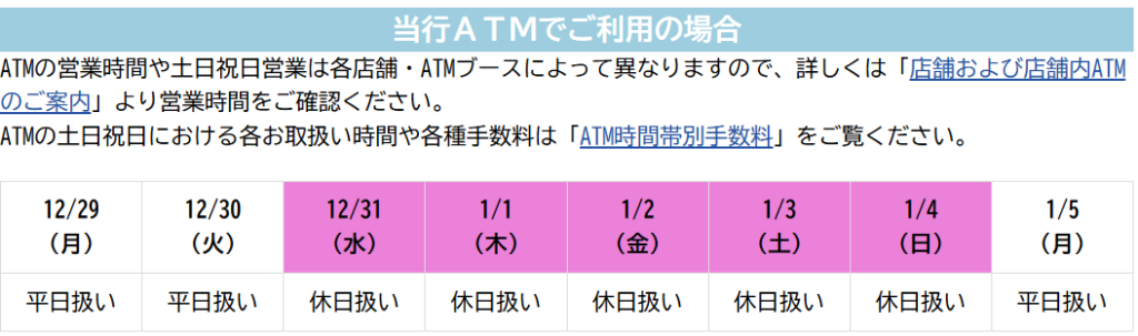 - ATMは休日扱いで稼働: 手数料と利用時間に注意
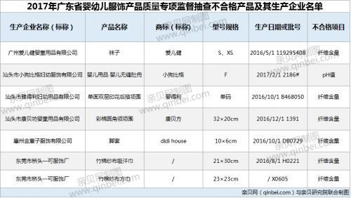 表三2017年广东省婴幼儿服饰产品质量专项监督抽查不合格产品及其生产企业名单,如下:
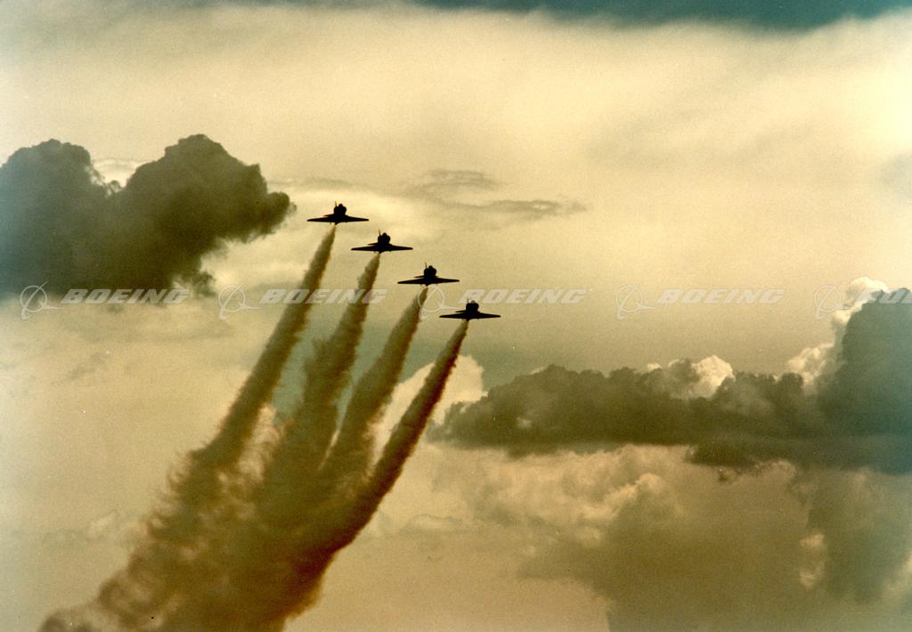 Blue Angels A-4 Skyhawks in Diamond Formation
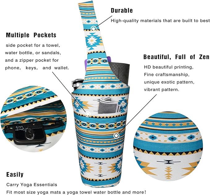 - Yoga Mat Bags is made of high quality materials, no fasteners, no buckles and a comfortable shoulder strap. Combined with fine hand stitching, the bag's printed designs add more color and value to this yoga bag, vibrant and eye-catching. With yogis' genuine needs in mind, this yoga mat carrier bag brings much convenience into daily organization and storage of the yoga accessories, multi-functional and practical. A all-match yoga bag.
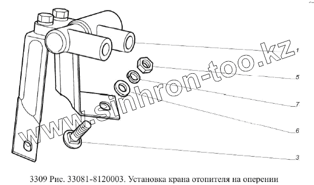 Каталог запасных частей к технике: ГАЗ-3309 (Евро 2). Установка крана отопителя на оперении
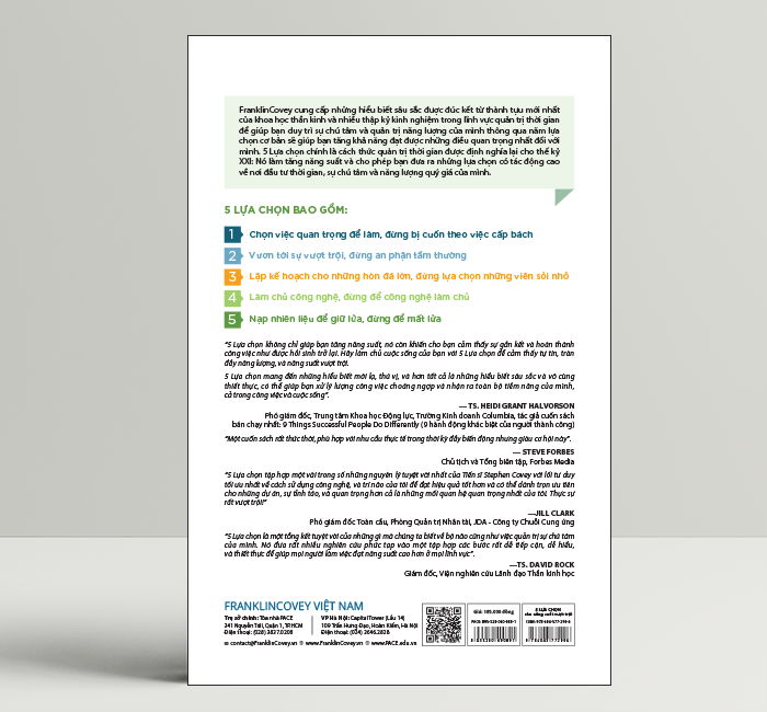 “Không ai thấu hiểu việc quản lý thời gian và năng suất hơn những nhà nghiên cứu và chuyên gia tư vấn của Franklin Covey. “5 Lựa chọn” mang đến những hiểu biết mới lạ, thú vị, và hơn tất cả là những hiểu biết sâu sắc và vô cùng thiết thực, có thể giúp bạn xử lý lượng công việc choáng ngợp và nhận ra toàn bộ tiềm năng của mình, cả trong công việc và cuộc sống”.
- - -
WHAT NEEDS TO BE DONE:
The answer is the lines above, word for word, from the first one through the one containing "Blue Angels A-4"; it includes no pictures.

TASK ANSWER:
 - ATMは休日扱いで稼働: 手数料と利用時間に注意
 表三2017年广东省婴幼儿服饰产品质量专项监督抽查不合格产品及其生产企业名单,如下:
 Blue Angels A-4 Skyhawks in Diamond Formation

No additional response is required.